Thanks, Brian; your insight — as always — is spot-on.
And he’s right: according to all the statistics, I too should be a tea-bagger — at least in the political term. Based on my income, I’m barely middle class, I have concerns about my job and its future (I have found that just because I work for a branch of the government doesn’t mean permanent job security), and my health insurance just went through a complete change of carrier. And on top of that, I have the added burden of being a gay man in a society that is still deciding whether or not I’m worthy of full citizenship. So why am I not out there carrying signs and carrying on?
It’s probably because I have never — or at least for the last forty years — completely bought into a political party’s line. I’ve never thought that there was one candidate who would become the Saviour of the Western World, and I’ve always viewed the promises they’ve made as just that: promises loaded down with fine print and caveats: your mileage may vary.

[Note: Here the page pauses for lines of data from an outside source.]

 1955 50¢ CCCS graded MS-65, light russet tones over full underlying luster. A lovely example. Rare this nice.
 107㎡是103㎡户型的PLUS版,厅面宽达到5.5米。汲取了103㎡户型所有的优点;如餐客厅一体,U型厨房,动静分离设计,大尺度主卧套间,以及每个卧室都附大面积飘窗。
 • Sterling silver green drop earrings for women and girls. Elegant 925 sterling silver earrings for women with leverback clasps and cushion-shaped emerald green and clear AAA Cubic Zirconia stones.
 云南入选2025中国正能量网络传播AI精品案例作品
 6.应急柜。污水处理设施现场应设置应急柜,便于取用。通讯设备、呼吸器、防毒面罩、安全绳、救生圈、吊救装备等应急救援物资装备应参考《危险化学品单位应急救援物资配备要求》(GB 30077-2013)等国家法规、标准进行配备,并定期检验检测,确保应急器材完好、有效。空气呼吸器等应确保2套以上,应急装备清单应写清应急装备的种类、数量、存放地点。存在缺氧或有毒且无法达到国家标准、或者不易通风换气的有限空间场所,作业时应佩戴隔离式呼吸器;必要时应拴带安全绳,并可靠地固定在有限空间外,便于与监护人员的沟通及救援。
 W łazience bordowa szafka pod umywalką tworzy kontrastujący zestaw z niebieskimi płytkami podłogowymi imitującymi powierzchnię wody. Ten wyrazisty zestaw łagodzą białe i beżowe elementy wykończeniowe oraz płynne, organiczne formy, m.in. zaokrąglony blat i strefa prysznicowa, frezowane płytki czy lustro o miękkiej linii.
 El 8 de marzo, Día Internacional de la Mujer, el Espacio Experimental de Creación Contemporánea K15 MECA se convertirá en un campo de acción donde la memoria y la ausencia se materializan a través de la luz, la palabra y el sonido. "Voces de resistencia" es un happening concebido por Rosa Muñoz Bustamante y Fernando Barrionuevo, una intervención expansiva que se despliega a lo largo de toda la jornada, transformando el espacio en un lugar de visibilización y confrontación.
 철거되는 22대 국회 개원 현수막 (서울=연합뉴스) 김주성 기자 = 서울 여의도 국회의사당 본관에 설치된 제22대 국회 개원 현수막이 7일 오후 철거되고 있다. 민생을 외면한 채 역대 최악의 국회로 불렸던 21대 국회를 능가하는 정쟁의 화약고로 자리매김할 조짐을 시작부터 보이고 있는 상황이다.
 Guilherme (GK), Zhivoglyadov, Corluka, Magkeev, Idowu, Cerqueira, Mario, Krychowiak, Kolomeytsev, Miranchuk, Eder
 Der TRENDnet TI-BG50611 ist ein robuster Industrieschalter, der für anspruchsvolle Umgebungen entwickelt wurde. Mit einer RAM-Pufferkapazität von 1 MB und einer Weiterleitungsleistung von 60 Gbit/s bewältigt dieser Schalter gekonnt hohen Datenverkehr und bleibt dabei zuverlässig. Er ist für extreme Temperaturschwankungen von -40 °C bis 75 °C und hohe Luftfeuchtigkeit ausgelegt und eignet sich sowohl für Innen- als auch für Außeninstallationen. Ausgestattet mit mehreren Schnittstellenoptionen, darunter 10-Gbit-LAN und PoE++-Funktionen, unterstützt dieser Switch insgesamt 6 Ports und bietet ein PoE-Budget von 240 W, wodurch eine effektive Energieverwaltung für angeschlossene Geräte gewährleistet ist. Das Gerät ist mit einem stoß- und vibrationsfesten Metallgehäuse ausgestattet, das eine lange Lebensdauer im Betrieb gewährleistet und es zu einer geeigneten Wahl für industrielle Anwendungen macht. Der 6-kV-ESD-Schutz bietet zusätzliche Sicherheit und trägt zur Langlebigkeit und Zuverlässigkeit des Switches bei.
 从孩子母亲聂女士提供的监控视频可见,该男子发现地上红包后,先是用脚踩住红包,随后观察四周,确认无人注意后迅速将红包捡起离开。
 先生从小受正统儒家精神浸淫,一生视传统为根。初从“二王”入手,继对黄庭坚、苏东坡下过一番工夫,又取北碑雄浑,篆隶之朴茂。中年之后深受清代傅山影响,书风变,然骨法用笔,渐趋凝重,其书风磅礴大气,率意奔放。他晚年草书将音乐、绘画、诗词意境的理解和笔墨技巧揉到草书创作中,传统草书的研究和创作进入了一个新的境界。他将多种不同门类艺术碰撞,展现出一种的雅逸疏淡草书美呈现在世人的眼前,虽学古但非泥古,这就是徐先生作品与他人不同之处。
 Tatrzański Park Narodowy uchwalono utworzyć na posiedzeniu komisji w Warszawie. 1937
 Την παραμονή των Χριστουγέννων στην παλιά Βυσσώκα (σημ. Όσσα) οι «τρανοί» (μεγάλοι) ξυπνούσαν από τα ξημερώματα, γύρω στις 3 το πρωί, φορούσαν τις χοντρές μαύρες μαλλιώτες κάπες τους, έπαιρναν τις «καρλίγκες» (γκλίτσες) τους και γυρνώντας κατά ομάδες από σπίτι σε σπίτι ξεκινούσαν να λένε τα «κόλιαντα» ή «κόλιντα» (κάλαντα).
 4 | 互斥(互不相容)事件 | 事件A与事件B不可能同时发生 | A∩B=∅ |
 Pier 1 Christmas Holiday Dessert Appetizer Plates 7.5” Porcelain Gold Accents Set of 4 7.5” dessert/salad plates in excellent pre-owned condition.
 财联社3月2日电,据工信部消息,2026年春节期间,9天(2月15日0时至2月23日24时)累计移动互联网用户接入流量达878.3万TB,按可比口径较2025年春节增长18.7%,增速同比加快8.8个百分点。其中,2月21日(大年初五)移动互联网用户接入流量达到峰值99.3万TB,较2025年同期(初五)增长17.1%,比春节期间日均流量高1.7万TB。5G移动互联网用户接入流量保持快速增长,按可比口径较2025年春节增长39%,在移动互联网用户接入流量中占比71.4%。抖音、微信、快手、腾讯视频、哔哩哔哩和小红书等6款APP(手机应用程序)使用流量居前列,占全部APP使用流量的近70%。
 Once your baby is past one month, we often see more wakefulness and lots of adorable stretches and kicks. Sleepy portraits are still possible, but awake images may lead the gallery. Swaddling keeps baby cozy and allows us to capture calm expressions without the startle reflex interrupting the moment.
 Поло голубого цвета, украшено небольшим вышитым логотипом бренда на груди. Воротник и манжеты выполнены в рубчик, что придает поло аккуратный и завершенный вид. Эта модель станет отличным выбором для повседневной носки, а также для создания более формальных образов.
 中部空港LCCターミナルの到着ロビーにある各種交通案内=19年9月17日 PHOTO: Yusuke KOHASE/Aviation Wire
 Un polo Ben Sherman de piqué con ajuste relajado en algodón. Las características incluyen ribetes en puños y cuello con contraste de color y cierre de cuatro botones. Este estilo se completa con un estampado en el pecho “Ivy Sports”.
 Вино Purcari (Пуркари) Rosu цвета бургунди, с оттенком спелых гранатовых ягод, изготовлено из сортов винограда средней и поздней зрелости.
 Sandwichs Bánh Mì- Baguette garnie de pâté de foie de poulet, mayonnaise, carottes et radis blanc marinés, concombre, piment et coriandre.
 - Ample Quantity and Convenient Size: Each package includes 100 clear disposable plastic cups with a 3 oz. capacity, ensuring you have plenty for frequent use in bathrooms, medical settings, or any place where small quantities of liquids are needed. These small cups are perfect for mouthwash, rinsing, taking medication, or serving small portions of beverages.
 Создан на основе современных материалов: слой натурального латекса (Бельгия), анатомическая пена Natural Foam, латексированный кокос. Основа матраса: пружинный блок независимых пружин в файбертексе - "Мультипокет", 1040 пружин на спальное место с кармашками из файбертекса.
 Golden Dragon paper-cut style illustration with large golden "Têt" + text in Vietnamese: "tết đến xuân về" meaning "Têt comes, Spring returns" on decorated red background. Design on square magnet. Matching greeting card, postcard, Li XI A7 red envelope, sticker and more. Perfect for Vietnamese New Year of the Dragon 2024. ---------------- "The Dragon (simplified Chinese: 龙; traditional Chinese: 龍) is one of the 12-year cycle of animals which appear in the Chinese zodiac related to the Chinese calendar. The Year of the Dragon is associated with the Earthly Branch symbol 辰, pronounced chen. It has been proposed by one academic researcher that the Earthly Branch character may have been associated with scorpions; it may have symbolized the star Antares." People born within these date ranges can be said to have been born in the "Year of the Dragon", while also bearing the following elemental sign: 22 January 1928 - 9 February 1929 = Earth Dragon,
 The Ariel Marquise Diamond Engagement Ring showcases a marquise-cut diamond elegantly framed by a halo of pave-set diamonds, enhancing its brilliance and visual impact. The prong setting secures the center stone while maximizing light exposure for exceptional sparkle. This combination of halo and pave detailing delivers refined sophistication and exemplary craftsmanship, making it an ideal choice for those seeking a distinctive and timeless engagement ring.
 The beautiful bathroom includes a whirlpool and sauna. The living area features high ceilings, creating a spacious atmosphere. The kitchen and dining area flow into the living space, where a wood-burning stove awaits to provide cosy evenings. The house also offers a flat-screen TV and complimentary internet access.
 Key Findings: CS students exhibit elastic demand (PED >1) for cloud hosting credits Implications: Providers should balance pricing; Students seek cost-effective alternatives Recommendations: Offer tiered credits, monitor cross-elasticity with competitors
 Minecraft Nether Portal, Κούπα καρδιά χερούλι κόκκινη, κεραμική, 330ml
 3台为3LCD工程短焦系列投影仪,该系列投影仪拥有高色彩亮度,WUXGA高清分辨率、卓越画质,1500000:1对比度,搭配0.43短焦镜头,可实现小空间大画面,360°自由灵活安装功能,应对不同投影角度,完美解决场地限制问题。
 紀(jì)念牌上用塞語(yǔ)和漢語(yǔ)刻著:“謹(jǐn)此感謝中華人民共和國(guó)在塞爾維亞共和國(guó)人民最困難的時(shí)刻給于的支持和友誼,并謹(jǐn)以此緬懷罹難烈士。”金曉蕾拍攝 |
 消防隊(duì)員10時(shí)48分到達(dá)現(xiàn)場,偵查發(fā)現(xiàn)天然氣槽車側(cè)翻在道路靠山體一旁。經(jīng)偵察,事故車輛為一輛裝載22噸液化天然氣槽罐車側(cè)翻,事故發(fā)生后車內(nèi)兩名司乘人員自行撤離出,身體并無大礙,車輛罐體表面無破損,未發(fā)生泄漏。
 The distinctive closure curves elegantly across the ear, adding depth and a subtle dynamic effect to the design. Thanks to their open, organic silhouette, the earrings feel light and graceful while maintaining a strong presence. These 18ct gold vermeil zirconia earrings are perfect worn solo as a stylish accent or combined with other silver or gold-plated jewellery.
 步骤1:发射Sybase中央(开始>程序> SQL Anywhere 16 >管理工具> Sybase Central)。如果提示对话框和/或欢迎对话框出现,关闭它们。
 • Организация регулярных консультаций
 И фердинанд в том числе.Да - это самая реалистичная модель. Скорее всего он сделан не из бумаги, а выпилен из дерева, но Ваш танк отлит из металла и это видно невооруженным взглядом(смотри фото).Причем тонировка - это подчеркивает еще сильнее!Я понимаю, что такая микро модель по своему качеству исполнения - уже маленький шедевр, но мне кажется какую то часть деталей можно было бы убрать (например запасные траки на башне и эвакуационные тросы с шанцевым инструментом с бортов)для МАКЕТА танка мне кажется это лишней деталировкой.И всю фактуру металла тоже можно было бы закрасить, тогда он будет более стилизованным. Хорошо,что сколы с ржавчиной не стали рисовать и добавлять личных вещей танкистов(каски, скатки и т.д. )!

What’s also interesting is that there is a growing sentiment in the progressive community that they too got led down the garden path by Barack Obama, and they’re suddenly realizing that, lo and behold, he is not the Saviour of the Western World but just another mortal man with incredible political skills. Well, no kidding.
The lesson here for all of us — tea-baggers included — is that if you place all your hopes and dreams on the performance of someone else, you are bound to be disappointed, both in them for not being perfect, and yourself for allowing yourself to buy into it. And if you find yourself hanging on by your fingernails, it’s too late to blame someone else for how you got there.